Bin heute Morgen bei -6 Grad zum Berglaufen gegangen. Dazu habe ich den Montane Fireball Pullover getragen. das Ding hält sehr gut warm und die Atmungsaktivität geht auch in Ordnung. Aber die Primaloftfüllung braucht sehr dicht gewebtes Obermaterial, damit die Faser nicht Austritt. In Kombination mit der extrem niedrigen Wasseraufnahme von Primaloft sorgt das dafür, das sämtliche Primaloftkleidungsstücke kaum Feuchtigkeit nach außen transportieren können. Nach einer intensiven Trainingseinheit sind die Sachen von innen Klatschnass. dafür beeinträchtigt Feuchtigkeit die Isolation kaum. Ich persönlich finde nen dicken Fleece + Windbreaker beim WinterSport oft angenehmer. Dafür ist Fleece bei gleicher Isolationsfähigkeit schwerer, hat ein größeres Packmaß und schränkt die Bewegungsfähigkeit stärker ein.

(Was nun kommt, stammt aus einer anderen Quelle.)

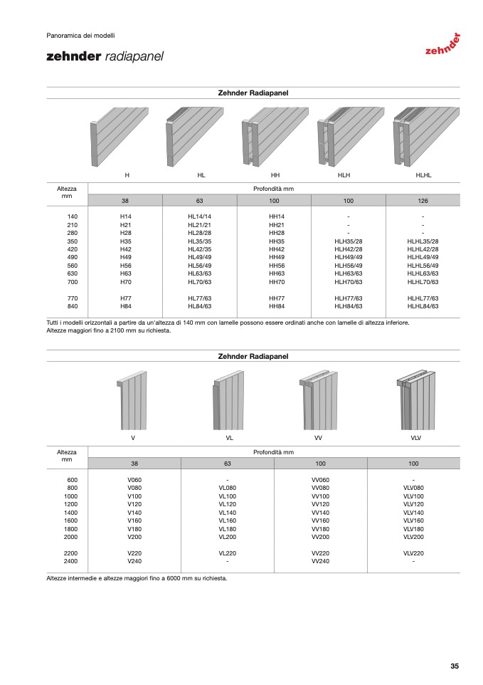 Altezze maggiori fino a 2100 mm su richiesta.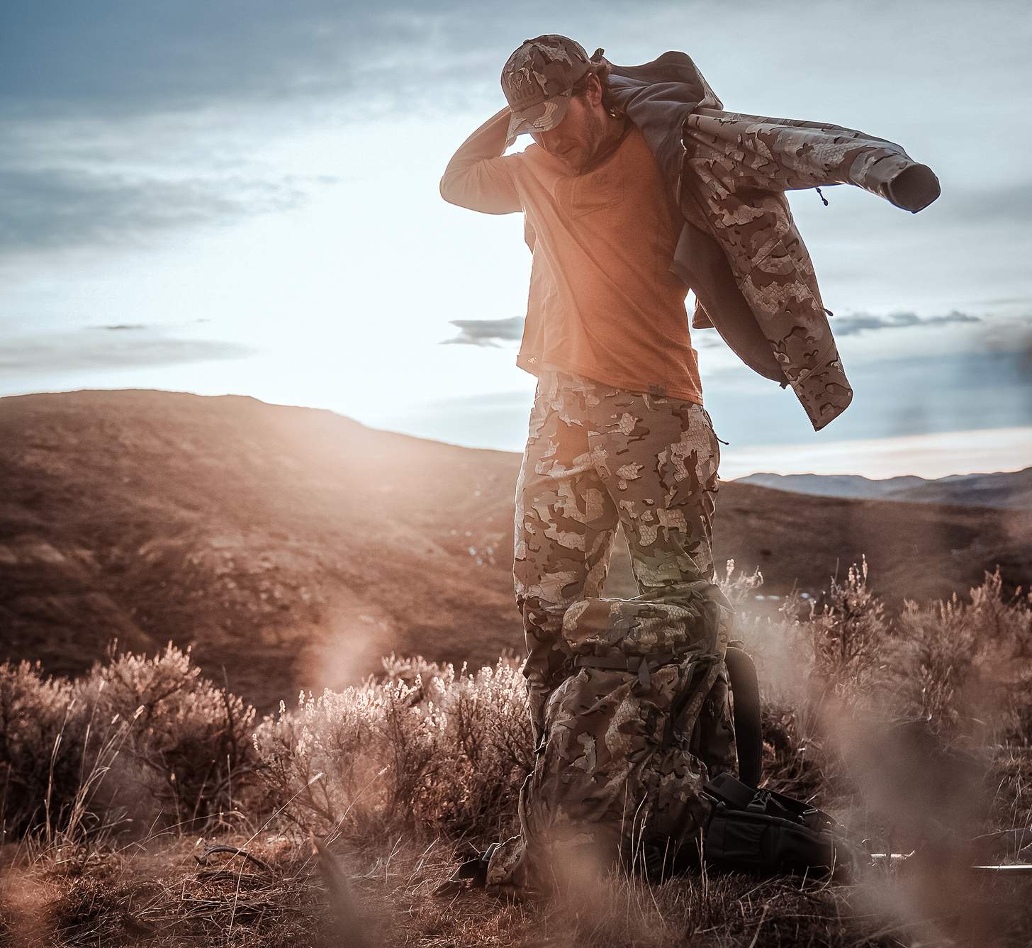 In hot conditions in the 70-degree range, a Gila LS Crew base layer paired with Tiburon outer layer pants might be just the ticket for staying cool and punching a tag. In temperatures from 45 to 70 degrees, things are still simple, with a Gila LS Crew, StrongFleece 190 and/or Guide PRO softshell hooded jacket on top, with the outer layer Attack Pants on the bottom.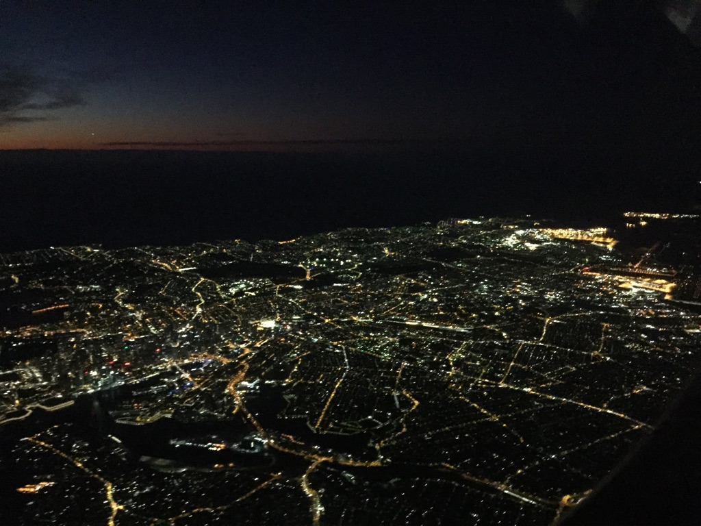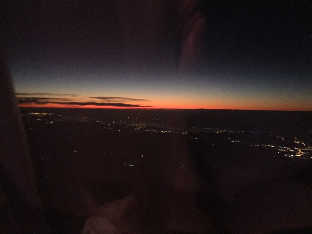 One of the numerous announcements tells us we’ll land at 0625 and the temperature is 7 celsius. YES. I have escaped heat, finally!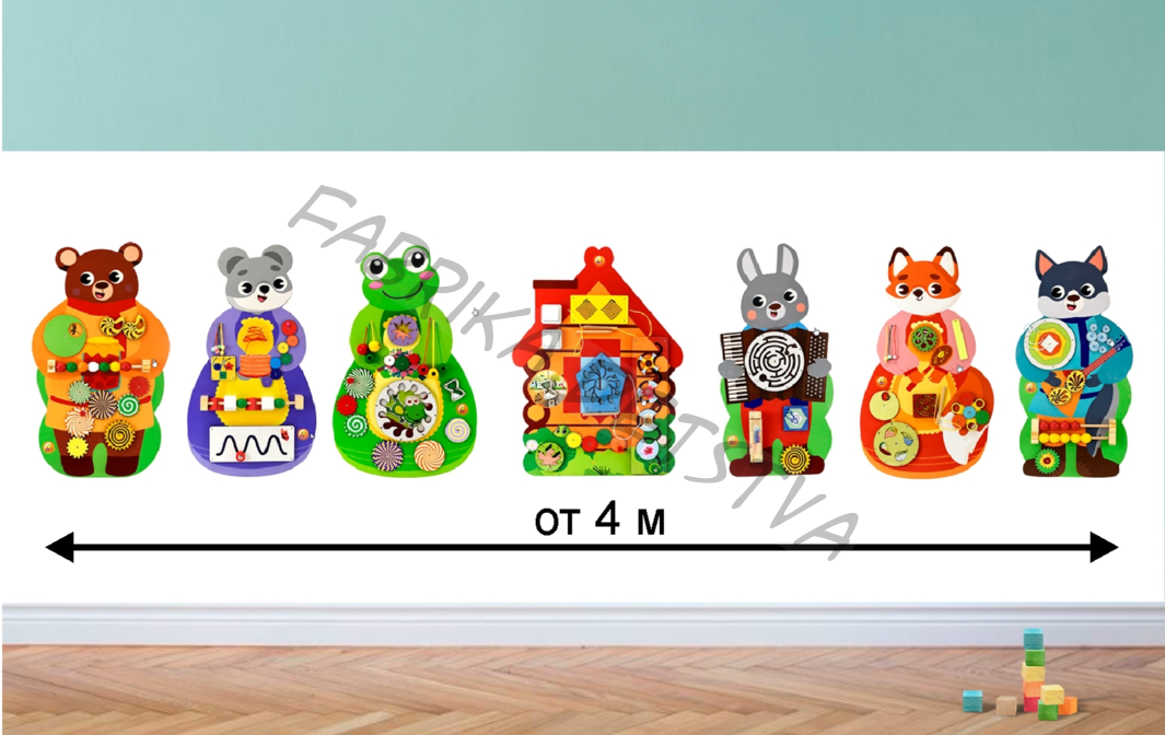 Размер одного бизиборда 75х50 см. Комплект подходит для оформления стены длиной от 4 м.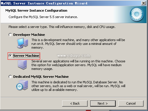 9.这个选项是选择mysql应用于何种类型,第一种是开发服务器,将占用尽量少的内存,第二种是普通web服务器,将占用中等数量内存,最后一种是这台服务器上面只跑mysql数据库,将占用全部的内存,这里选择第二项,你可根据自己的需求,选择其它选项.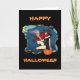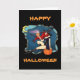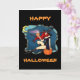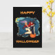 Bruja pelirroja II, un ilustracion fresco que ofrece a una bruja pelirroja hermosa que sostiene un enchufe encantado o' latern mientras que se sienta en una calabaza y un marco adornado con una luna creciente. Colores principales: azul, rojo, anaranjado, negro, púrpura y amarillo. El dibujo original fue hecho con los lápices y los acrilycs coloreados por el © E.D. Siffert del artista.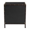 Lend a touch of industrial-style flair to your space with the stunning Laura end table. Tactfully crafted in China, this vintage inspired piece consists of a sturdy wood frame wrapped in smooth canvas. Metal-plated edges and studded embellishments highlight the robust nature of the piece while two drawers offer convenient storage for a variety of household essentials. The Laura will arrive fully assembled and utilizes minimalist metal base with rounded legs for excellent stability and support. Beautifully shaped leather strips complete the look, making the Laura end table an enthralling addition to any space. Overall: 23.60" W x 18.10" D x 26.60" H; Drawer(s): 19.90" W x 13.40" D x 5.90" H; Clearance(floor to bottom of cabinet): 4.90"H;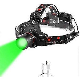 grønn lys hode lommelykt for nattsyn, ultra lyse grønne hodelykt usb oppladbart ledet jakt frontlykt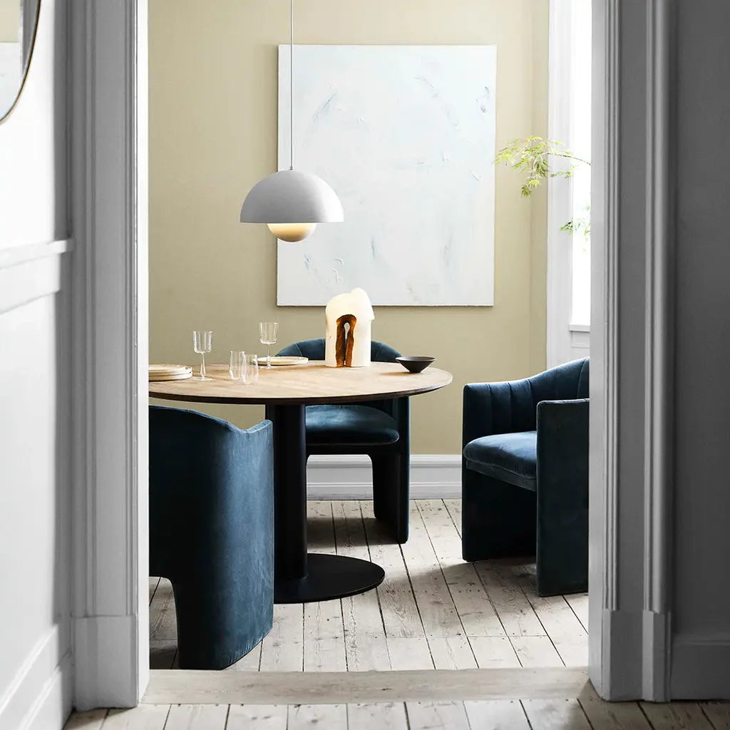 The Loafer chair takes after its sibling, the Loafer lounge chair by Space Copenhagen designed for Arne Jacobsen's refurbished SAS Royal Hotel. Fine-tuned for high-end restaurants, upscale eating environments and private homes, the Loafer chair is a bit lighter, narrower, with a higher seat and a slight slope on either side to comfortably accommodate your arms. A fully upholstered chair that's soft yet sturdy, you'll feel like you're dining in a hotel whether you actually are or not.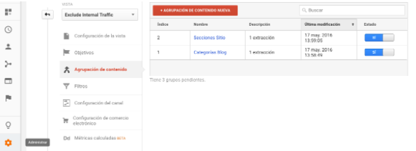 Las agrupaciones de página se configuran desde la administración general de la vista de la cuenta. El “Administrador”, “Agrupación de contenido”, puede agregar o modificar los grupos.

Eine Topkomination sind z.B. der Bergans Microlight Anorak und das Mountain Equipment Tombstone Jacket.


----------



## pixxelbiker (25. November 2015)

Besten Dank für die Antworten Im Radladen konnte ich gestern mal die erwähnte "Vaude Minaki" und "Vaude Qimsa" probieren... Beide empfand ich als sehr angenehm zu tragen. 
Beeindruckend empfand ich das geringe Gewicht der Minaki, wobei die sich an der Oberfläche ziemlich dünnhäutig anfühlt...
Die Qimsa macht hingegen einen deutlich robusteren Eindruck,oder ist das Material der Minaki robuter als vermutet? ...Bislang war es häufig so das ich im Winter bei 0 bis -5 Grad gestartet bin, auf den Bergen wars dann meist nochmal 5 bis 8 Grad kälter, Wind kommt ebenfalls dazu....
@Seegrufti :konntest Du die Jacke schon unterhalb von -5Grad und Wind fahren? 
Als Windjacke zusätzlich bliebe mir dann die Vaude Moab, im Sommer und Herbst hat sie gute Dienste geleistet.


----------



## Athabaske (25. November 2015)

Ich persönlich habe primaloft nur als Pausenjacke oder Schutz bei extremer Kälte bei Skitouren dabei. Ein Windstopper reicht nach meiner Erfahrung bei körperlicher Betätigung auch bei Minusgraden vollkommen, ofto sogar noch weniger...


----------



## MTB-News.de




----------



## Salzstreuer2 (27. November 2015)

Softshell finde ich viel weniger schwitzig! Ich trage Vaude...einmal in hinten offen und einmal in zu. Bei Interesse kann ich die Namen suchen.


----------



## Seegrufti (27. November 2015)

@pixxelbiker

Bisheriger Kälterekord war -5 kombiniert mit stürmischem Wind (Windchill -15) auf dem verschneiten Sertigpass (2739m) im schönen Graubünden.
Insgesamt brutal, aber mit ärmellosem Unterhemd und normalem Langarmtrikot drunter überlebt. Bei so starkem Wind zieht es durch. Dafür bleibt die Jacke relativ trocken. Die Jacke hat auch einen Sturz überlebt ohne Schaden. Scheinbar hält die dünne Hülle mehr aus als gedacht. Würde das Teil jederzeit wieder kaufen.
Normale Bedingungen (Schiener Berg bei 0°) lassen einen bergauf schwitzen.

LG


----------



## pixxelbiker (28. November 2015)

@Seegrufti:besten Dank, das macht mir die Jacke doch schmackhafter als ich vermutet hab,zumal ich entweder die Windweste o. 2,5L Jacke ohnehin dabei ist, nimmt ja kaum Platz weg


----------



## pixxelbiker (28. November 2015)

@salzstreuer 2: Das wäre durchaus hilfreich, Dankeschön


----------



## pfeifferheiko (28. November 2015)

primaloft und co sind für geringe bis mässige Aktivitäten gut geeignet als midlayerersatz statt Fleece, für starke Aktivitäten wie radfahren dagegen ungeeignet.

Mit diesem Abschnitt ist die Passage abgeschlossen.